The output should match, line for line, the records from the line containing "En condiciones totalmente" through the line containing "DMC單機除塵器由上、中、下", with every picture left out.

*** Entries supplied Section Begins ***

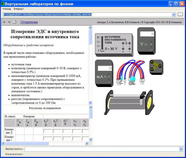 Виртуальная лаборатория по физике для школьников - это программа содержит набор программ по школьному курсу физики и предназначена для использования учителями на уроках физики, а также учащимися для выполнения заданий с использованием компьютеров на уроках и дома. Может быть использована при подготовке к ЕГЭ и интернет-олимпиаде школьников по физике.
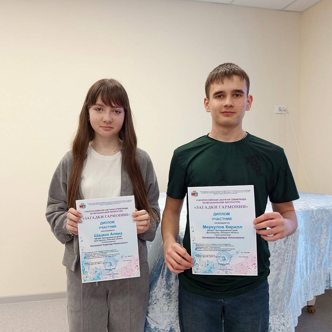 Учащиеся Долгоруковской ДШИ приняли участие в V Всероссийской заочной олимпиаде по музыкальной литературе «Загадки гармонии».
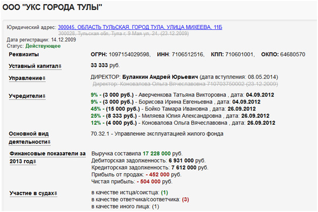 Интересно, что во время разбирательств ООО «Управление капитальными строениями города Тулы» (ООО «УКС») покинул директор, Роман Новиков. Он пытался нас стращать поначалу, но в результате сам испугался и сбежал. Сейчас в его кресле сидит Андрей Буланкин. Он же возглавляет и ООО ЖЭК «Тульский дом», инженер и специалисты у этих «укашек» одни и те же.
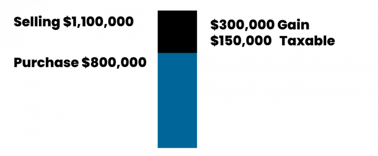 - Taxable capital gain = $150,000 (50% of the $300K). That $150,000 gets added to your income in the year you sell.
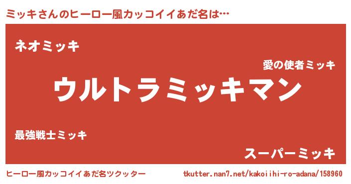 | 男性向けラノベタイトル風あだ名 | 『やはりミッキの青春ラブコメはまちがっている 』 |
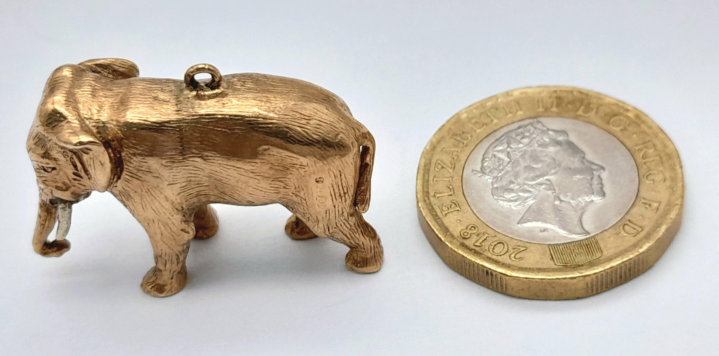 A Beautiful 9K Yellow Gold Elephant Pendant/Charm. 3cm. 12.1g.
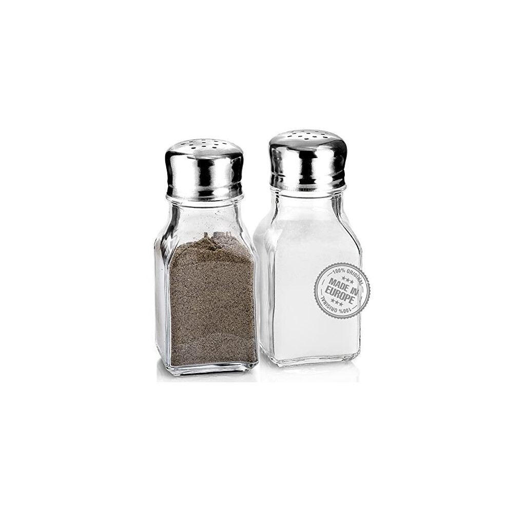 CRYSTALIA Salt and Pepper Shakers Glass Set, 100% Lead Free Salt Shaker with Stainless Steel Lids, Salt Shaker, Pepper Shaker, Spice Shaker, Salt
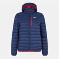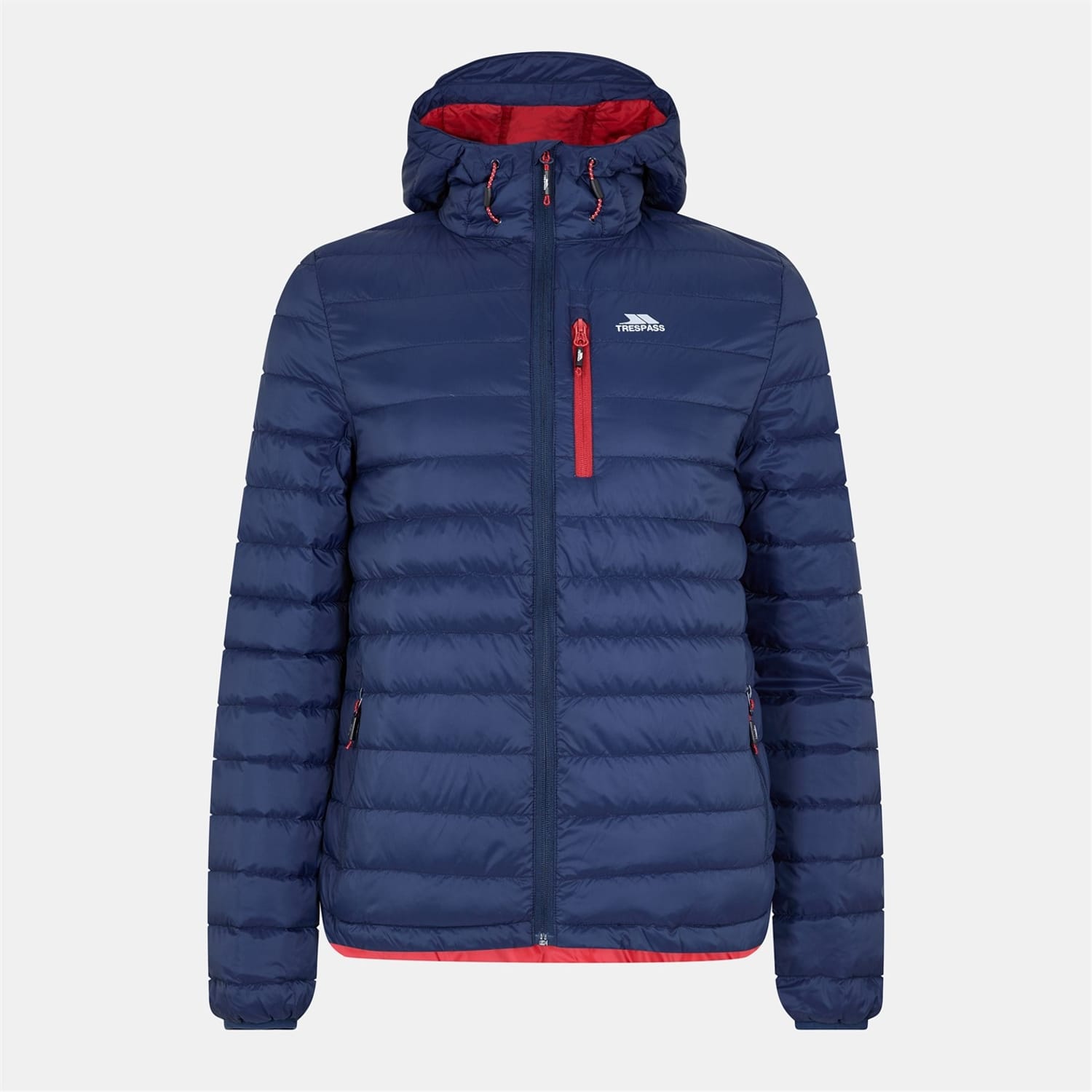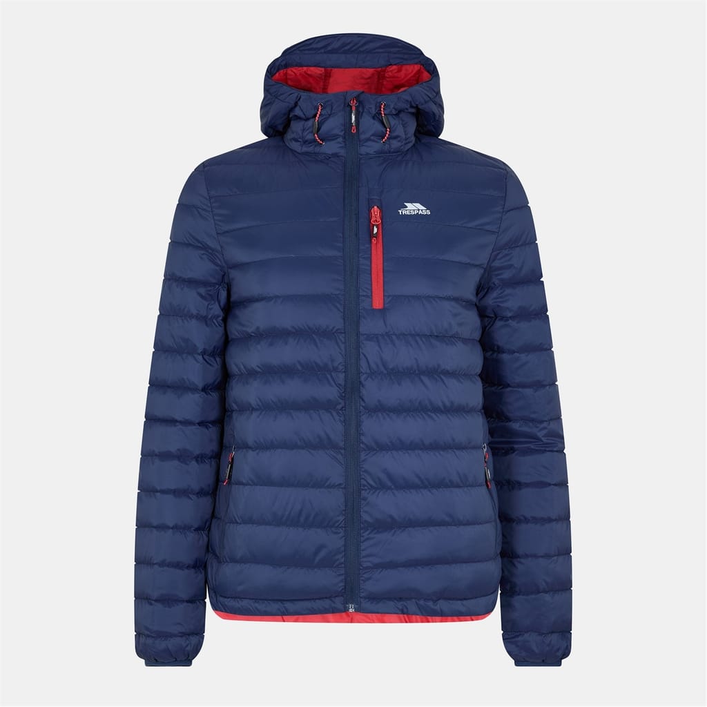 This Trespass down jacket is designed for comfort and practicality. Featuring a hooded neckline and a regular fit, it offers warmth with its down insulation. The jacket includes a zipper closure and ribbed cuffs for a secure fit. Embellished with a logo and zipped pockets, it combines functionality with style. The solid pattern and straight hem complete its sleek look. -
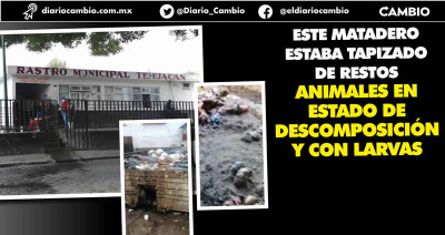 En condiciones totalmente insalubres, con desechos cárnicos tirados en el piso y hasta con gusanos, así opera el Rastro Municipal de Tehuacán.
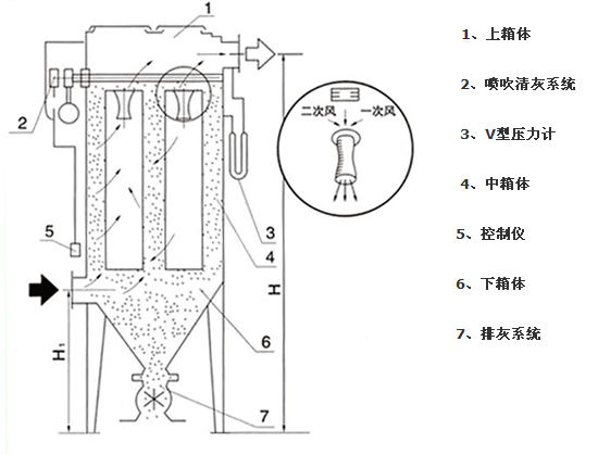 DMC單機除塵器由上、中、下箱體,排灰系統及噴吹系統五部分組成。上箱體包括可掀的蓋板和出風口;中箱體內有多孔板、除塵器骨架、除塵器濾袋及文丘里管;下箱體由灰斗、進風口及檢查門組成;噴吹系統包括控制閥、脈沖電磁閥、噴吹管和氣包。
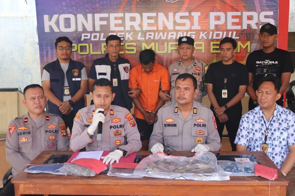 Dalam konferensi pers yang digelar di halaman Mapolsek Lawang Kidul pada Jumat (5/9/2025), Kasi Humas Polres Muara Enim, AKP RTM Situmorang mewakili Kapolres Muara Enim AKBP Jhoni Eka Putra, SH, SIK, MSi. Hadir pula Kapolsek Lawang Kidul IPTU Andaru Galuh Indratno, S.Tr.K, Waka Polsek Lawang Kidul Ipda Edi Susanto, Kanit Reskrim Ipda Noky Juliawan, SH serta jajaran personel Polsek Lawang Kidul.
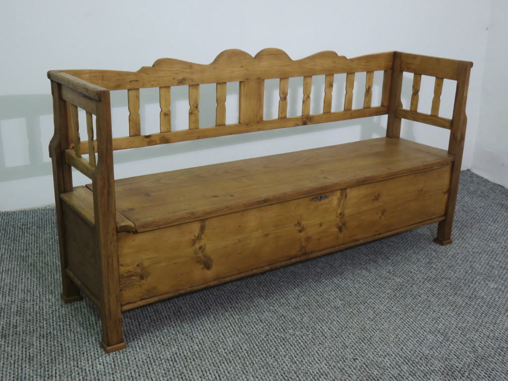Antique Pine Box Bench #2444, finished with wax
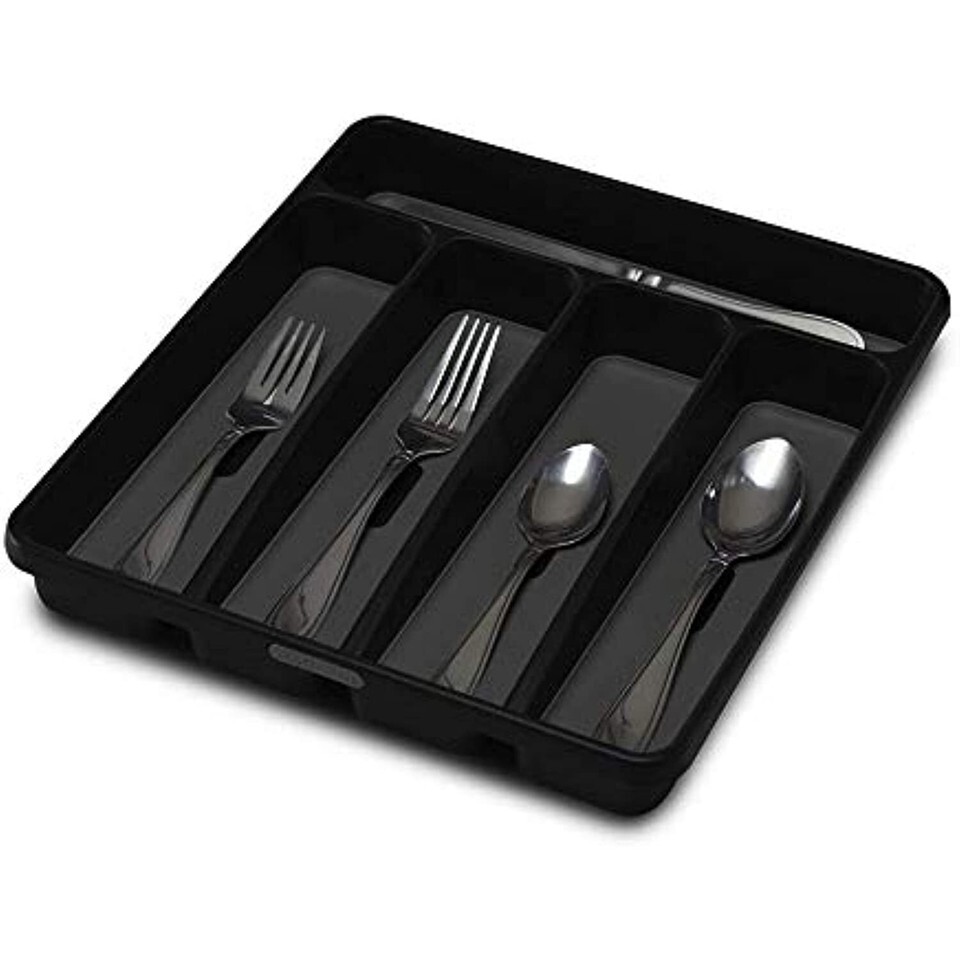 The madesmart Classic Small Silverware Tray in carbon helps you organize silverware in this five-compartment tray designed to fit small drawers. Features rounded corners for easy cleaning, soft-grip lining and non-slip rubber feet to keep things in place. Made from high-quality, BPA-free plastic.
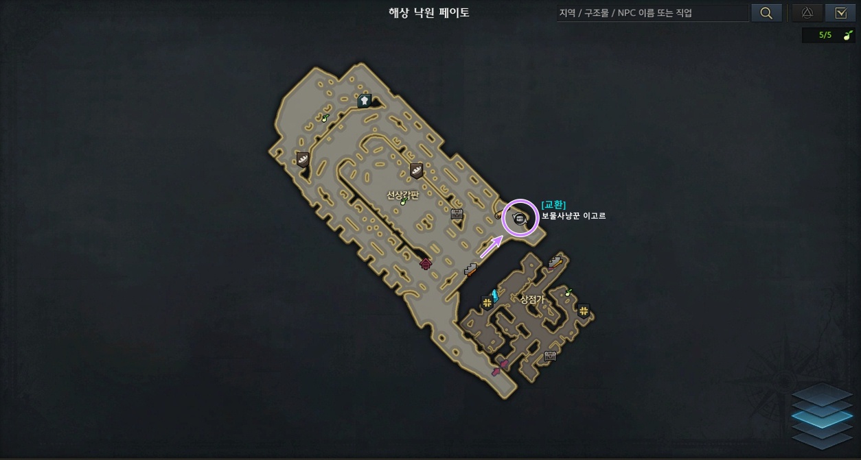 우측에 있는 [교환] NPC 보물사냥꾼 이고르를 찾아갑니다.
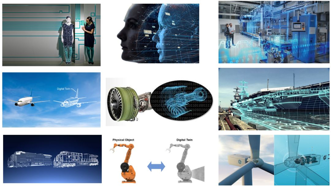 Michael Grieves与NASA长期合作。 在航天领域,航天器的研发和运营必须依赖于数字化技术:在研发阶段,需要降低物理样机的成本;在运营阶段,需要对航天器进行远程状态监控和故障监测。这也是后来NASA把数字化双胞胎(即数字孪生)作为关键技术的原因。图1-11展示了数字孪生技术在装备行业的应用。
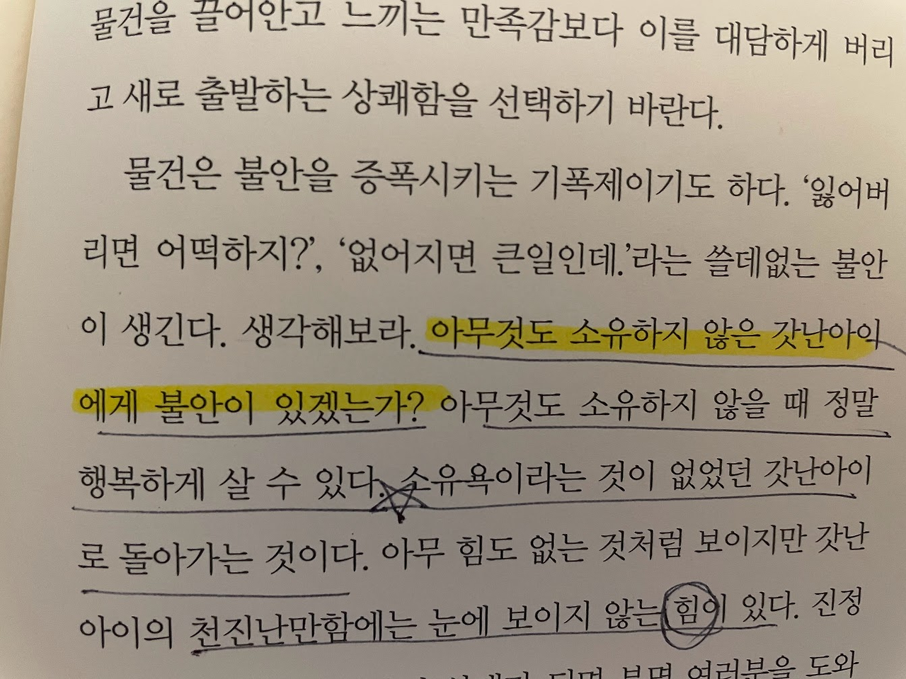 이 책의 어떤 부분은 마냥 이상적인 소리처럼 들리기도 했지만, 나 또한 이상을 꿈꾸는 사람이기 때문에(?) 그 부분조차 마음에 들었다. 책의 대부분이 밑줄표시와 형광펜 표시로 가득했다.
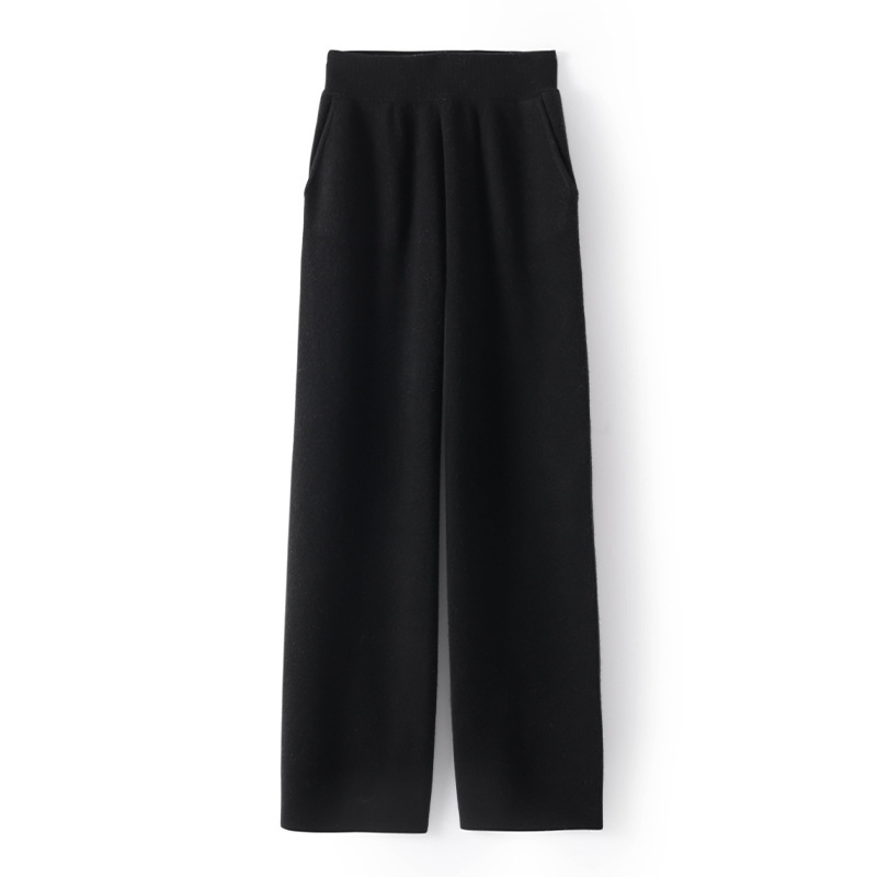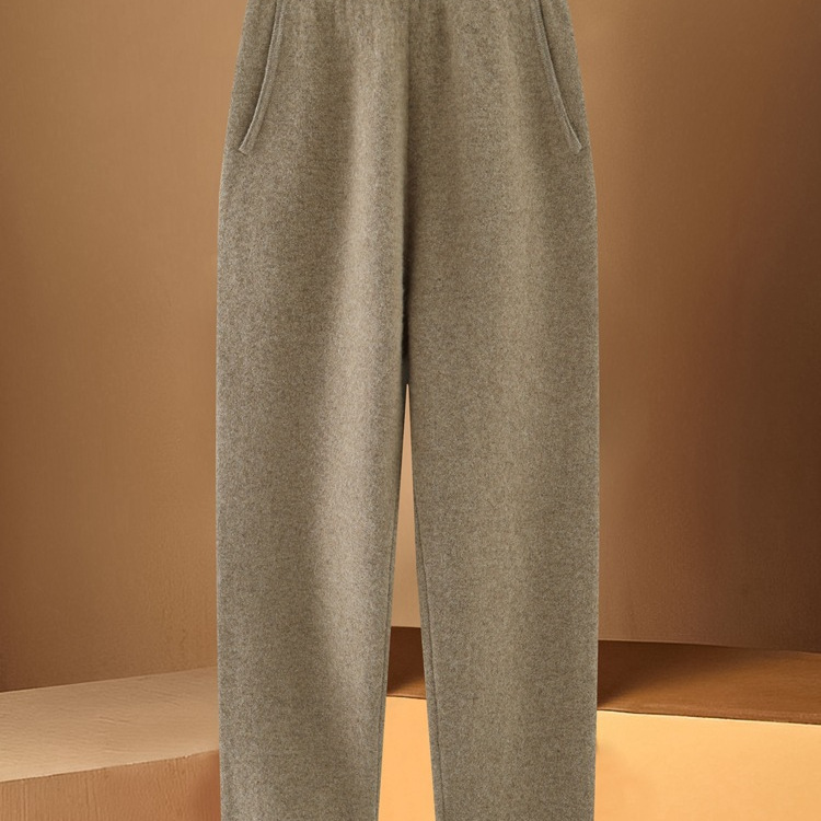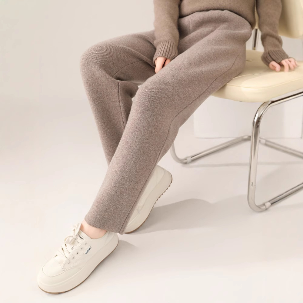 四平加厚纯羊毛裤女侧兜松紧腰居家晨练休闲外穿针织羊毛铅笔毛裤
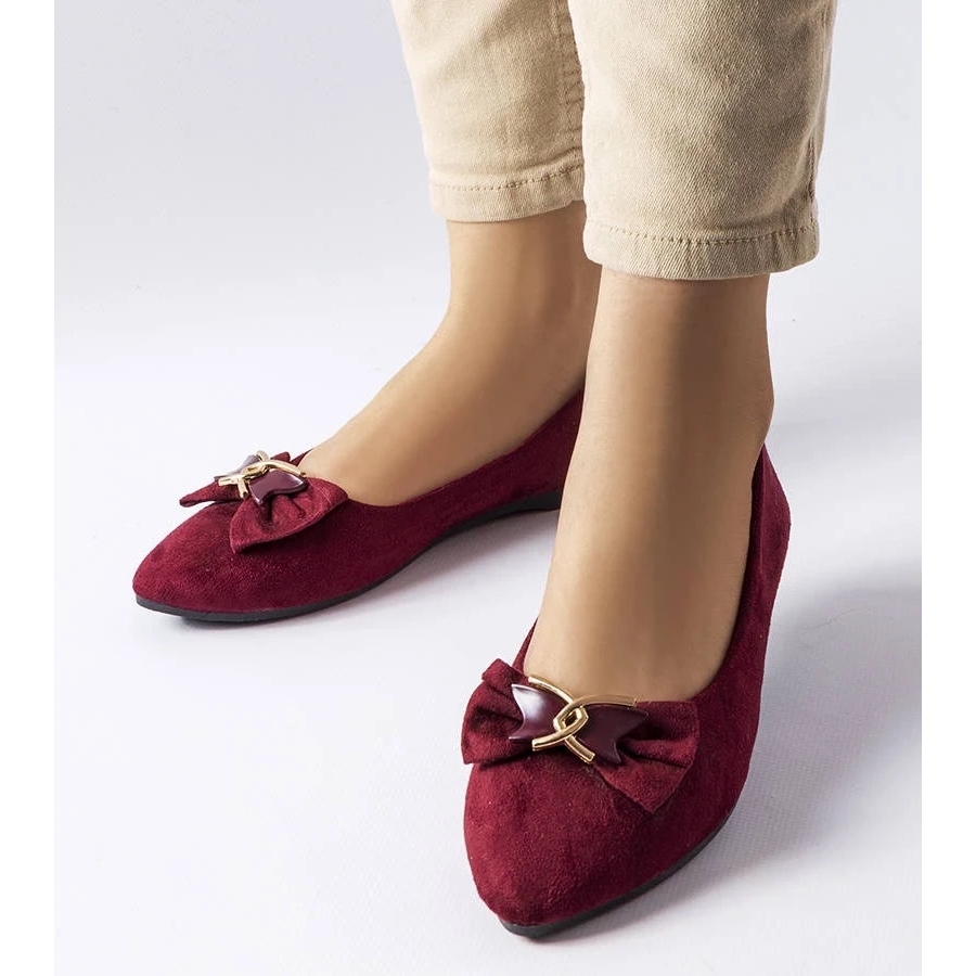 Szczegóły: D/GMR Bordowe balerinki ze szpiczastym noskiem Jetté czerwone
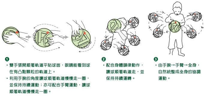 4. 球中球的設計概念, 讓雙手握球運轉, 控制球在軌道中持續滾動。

*** Entries supplied Section Ends ***

Result:
 En condiciones totalmente insalubres, con desechos cárnicos tirados en el piso y hasta con gusanos, así opera el Rastro Municipal de Tehuacán.
 DMC單機除塵器由上、中、下箱體,排灰系統及噴吹系統五部分組成。上箱體包括可掀的蓋板和出風口;中箱體內有多孔板、除塵器骨架、除塵器濾袋及文丘里管;下箱體由灰斗、進風口及檢查門組成;噴吹系統包括控制閥、脈沖電磁閥、噴吹管和氣包。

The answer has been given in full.